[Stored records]
--*--
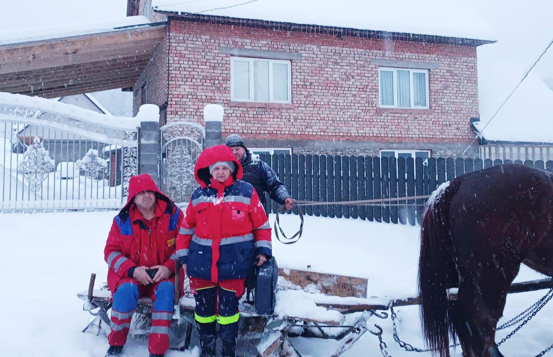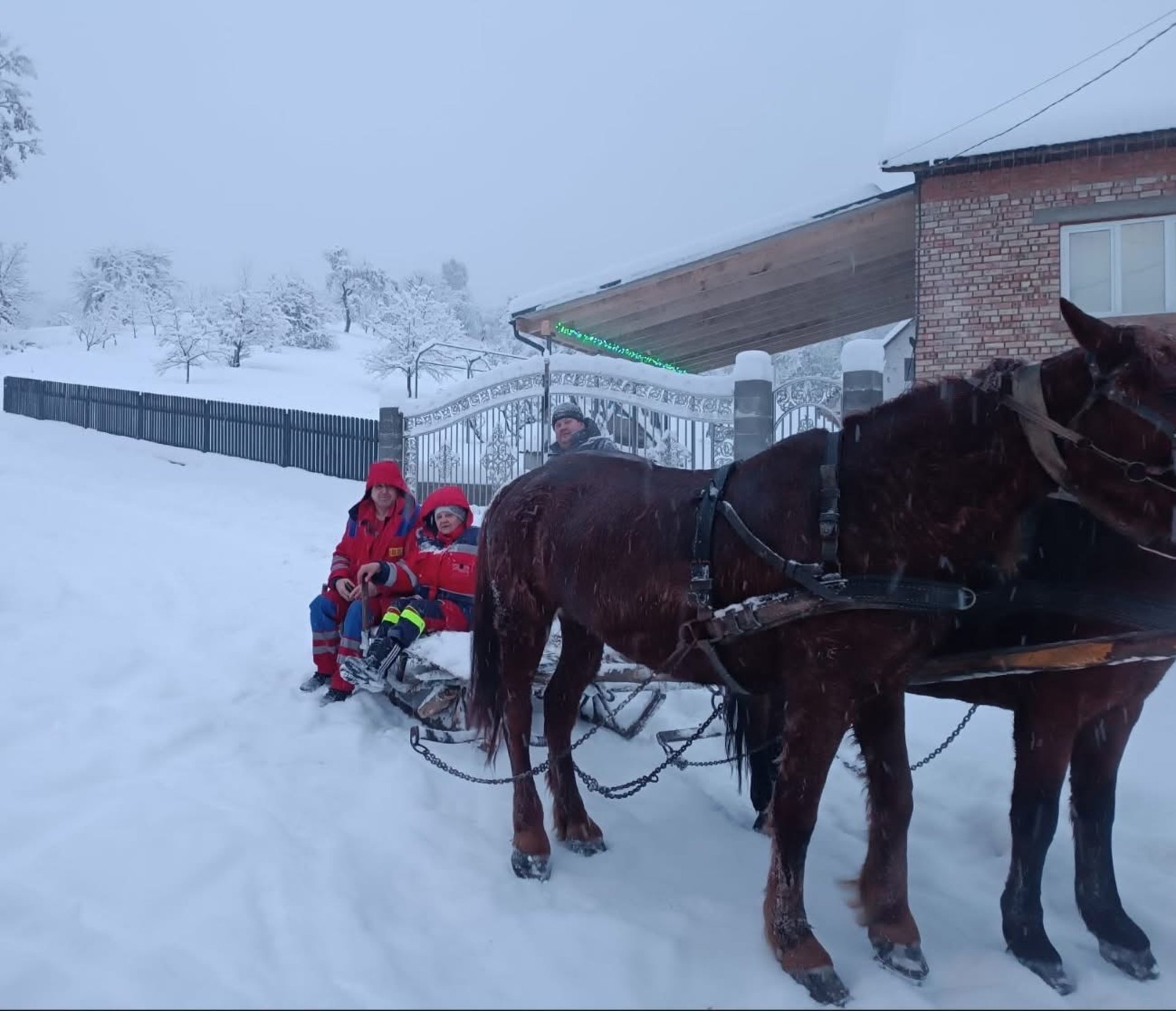 Бригада «швидкої» подолала 11 кілометрів засніженої дороги, проте останні 2 км були непрохідними для авто. Однак місцевий житель помітив «швидку» і запропонував допомогу. Його пара коней на санях доставили лікарів до оселі, де чекала мама і хлопець у важкому стані.
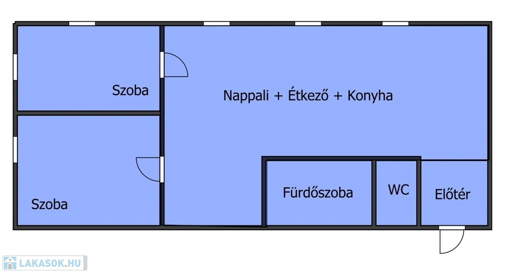 Szobák: 2 külön nyíló szoba, Nappali + Étkező + Konyha, WC, Fürdőszoba, Előtér
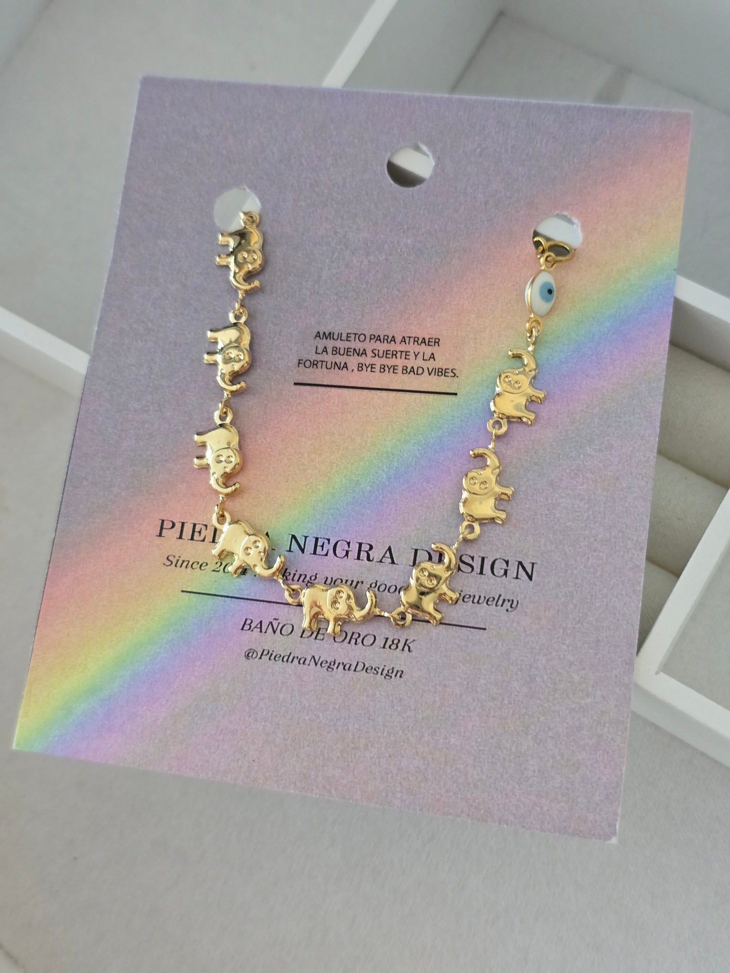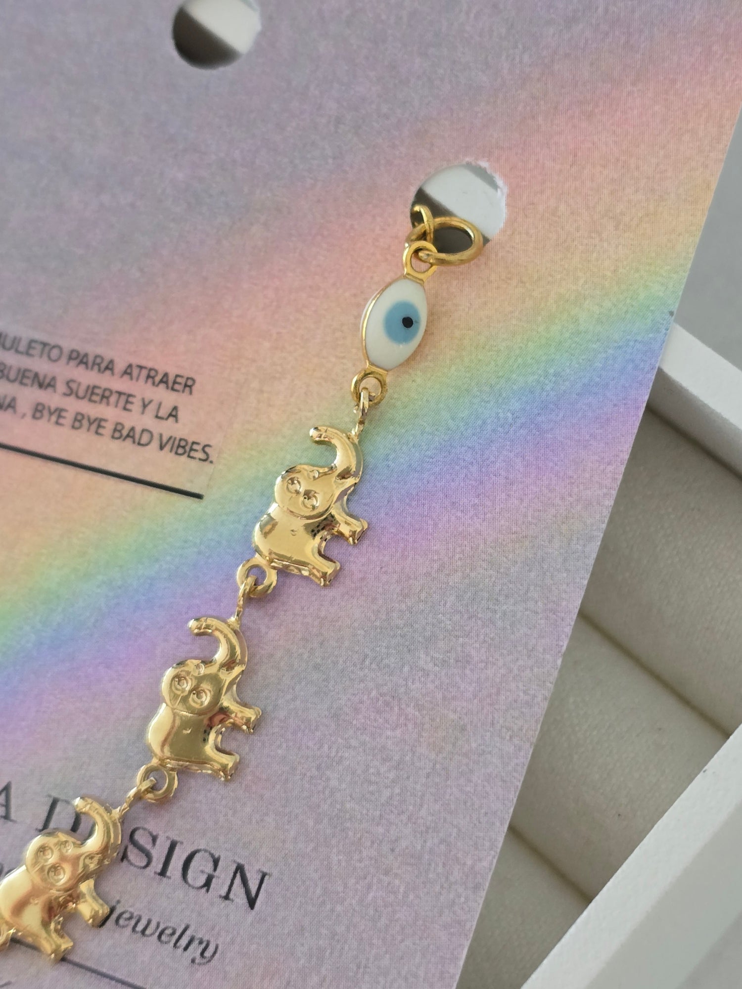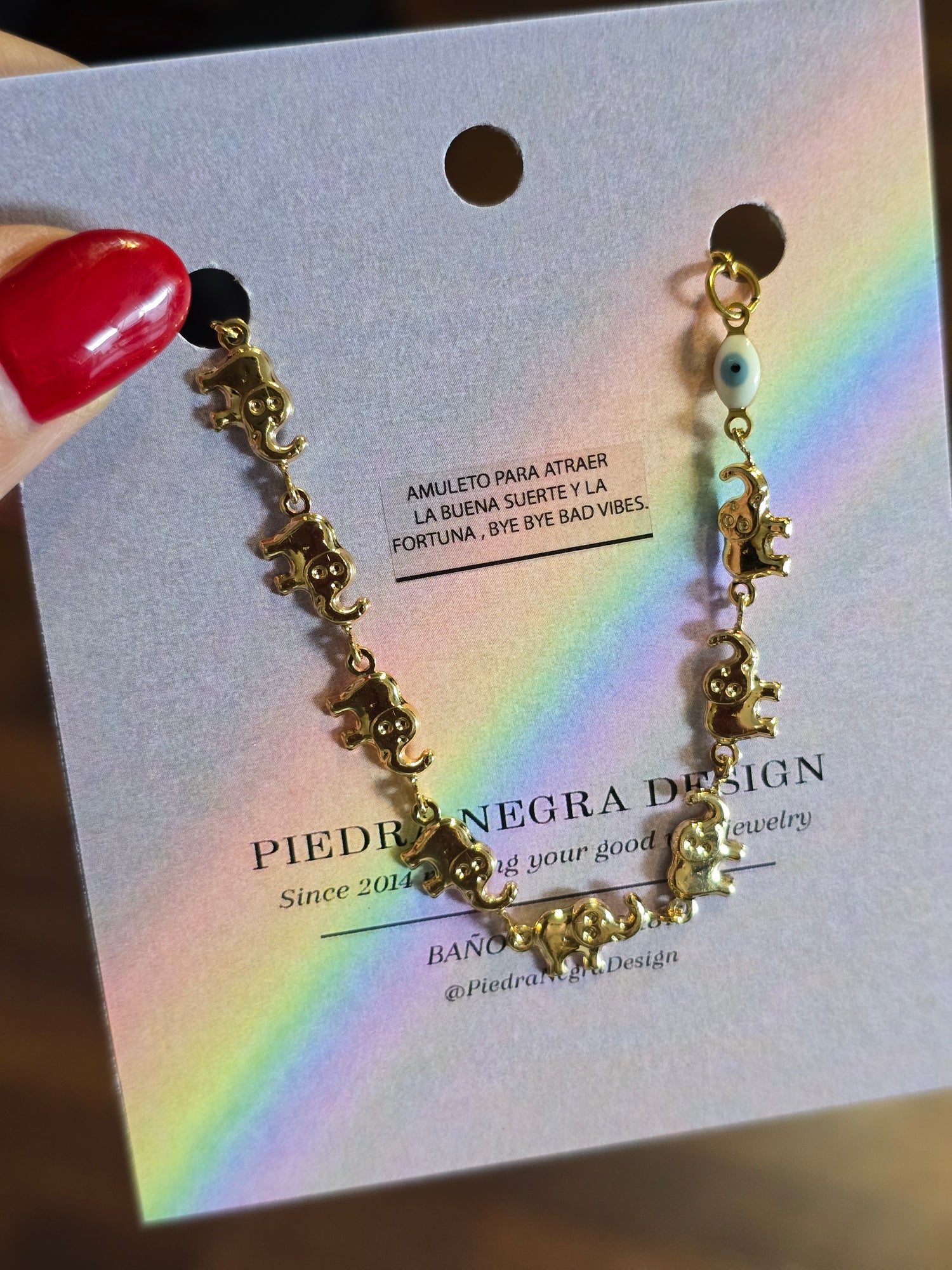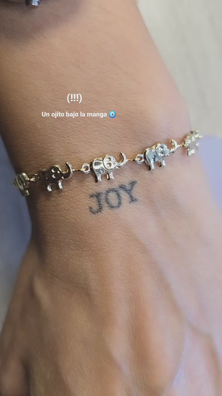 Este brazalete tiene un secreto y es que esconde un ojo bajo la manga, el ojo que cuidará de ti y los tuyos ! Los elefantes representas a tus seres más queridos , que su unión sea eterna !
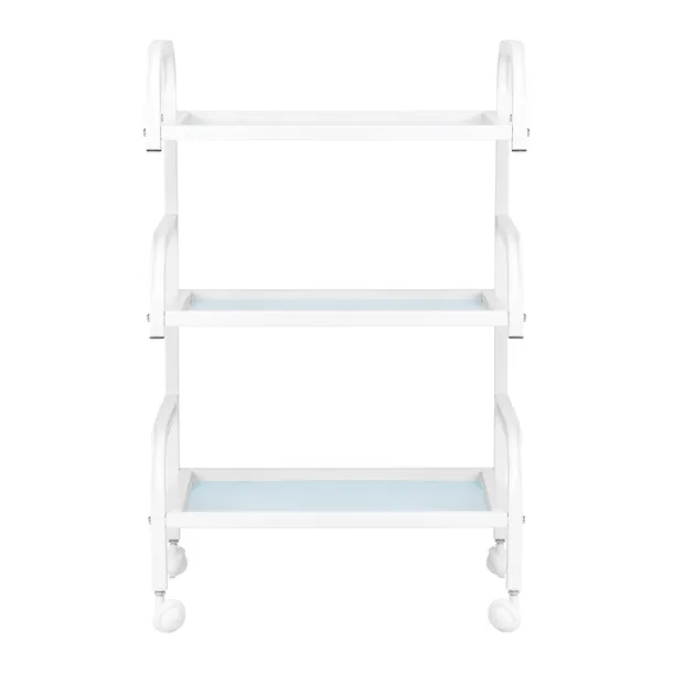 Stelaż z trwałego aluminium w odcieniach bieli oraz szklane półki tworzą nowoczesną i estetyczną całość, którą łatwo utrzymać w czystości. Cztery kółka zapewniają mobilność, co ułatwia organizację przestrzeni roboczej, a solidne materiały gwarantują stabilność i trwałość użytkowania.
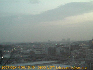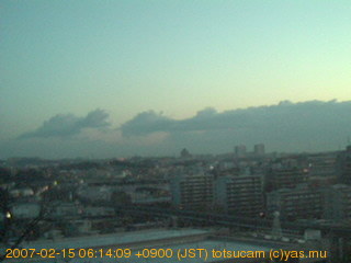 横浜市戸塚駅周辺から 東戸塚方面(北北東)を望む展望カメラの映像です。 左は現在の映像です。 下に並んでいるのは、 7日間に亘る日の出どき、昼間、夕暮れどきの写真(サムネイル)です。 それぞれ、日の出15分前、南中時、日没20分後の写真となっています。 各写真の下にはmpeg形式の動画へのリンクがあります。 それぞれ、日の出、南中、日没の前後1時間の画像です。 右欄にはその日24時間の動画へのリンクがあります。 この7日間以外は日付が一覧表示されています。 日付部分をクリックすると、 その日付から7日分が展開されて表示されます。
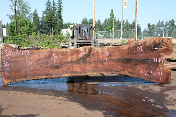 Redwood slab from Goby Walnut measuring 3" thick x 52"-57"-58"-62"-63" wide x 247" long
--*--
* To do
For this answer, return word for word the lines from the first line of the records through the line containing "Szobák: 2 külön". Omit the pictures.

* Result of the exercise
 Бригада «швидкої» подолала 11 кілометрів засніженої дороги, проте останні 2 км були непрохідними для авто. Однак місцевий житель помітив «швидку» і запропонував допомогу. Його пара коней на санях доставили лікарів до оселі, де чекала мама і хлопець у важкому стані.
 Szobák: 2 külön nyíló szoba, Nappali + Étkező + Konyha, WC, Fürdőszoba, Előtér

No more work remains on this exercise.